"How do I cut this," one passenger asked while attempting to reach for a hook knife to cut himself free from the harnesses.
The helicopter was engulfed in water 13 seconds later, and the passenger doesn't appear to have successfully grabbed the knife before the camera goes to dark, according to the transcript.
Other passengers can be heard cursing and panting and seen grasping at their harness straps as water sloshed around them.
While the NTSB footage was not released, the details come from a transcript of video from a GoPro camera mounted on the ceiling of the helicopter's cabin. All five passengers drowned in the incident.
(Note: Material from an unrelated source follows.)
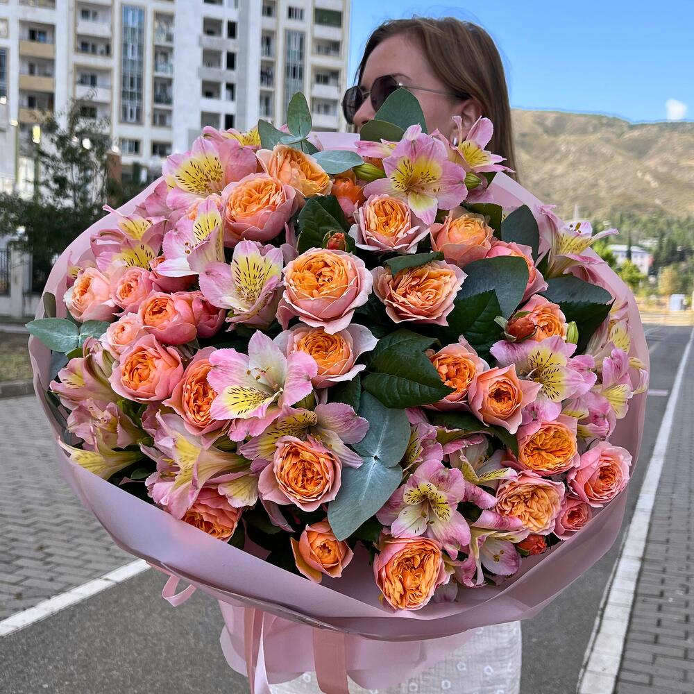 Насыщенный красками и живой эмоцией, наш микс букет из роз и альстромерии – это настоящий калейдоскоп красоты. Этот удивительный букет сочетает в себе изысканность роз и жизнерадостность альстромерий, создавая удивительную гармонию и яркое впечатление.

Emergency officials found them strapped into their seats and had to cut them loose to recover the bodies.
The helicopter, a Eurocopter AS350, was in the air for nearly 15 minutes before it glided into the East River near Roosevelt Island on the evening of March 11, 2018, NTSB documents show.
The pilot, Richard Vance, was able to unbuckle his seat belt and was the only survivor.
In an audio recording of a mayday call to LaGuardia Airport, the pilot said the helicopter was experiencing engine failure.
The pilot later described the final minutes to investigators in interviews published by the NTSB.
Vance told investigators he realized the fuel lever caused an engine failure when he reached for the emergency fuel lever to prepare for impact. He said he "could tell something was wrong because it was in the up position where I should have been putting it."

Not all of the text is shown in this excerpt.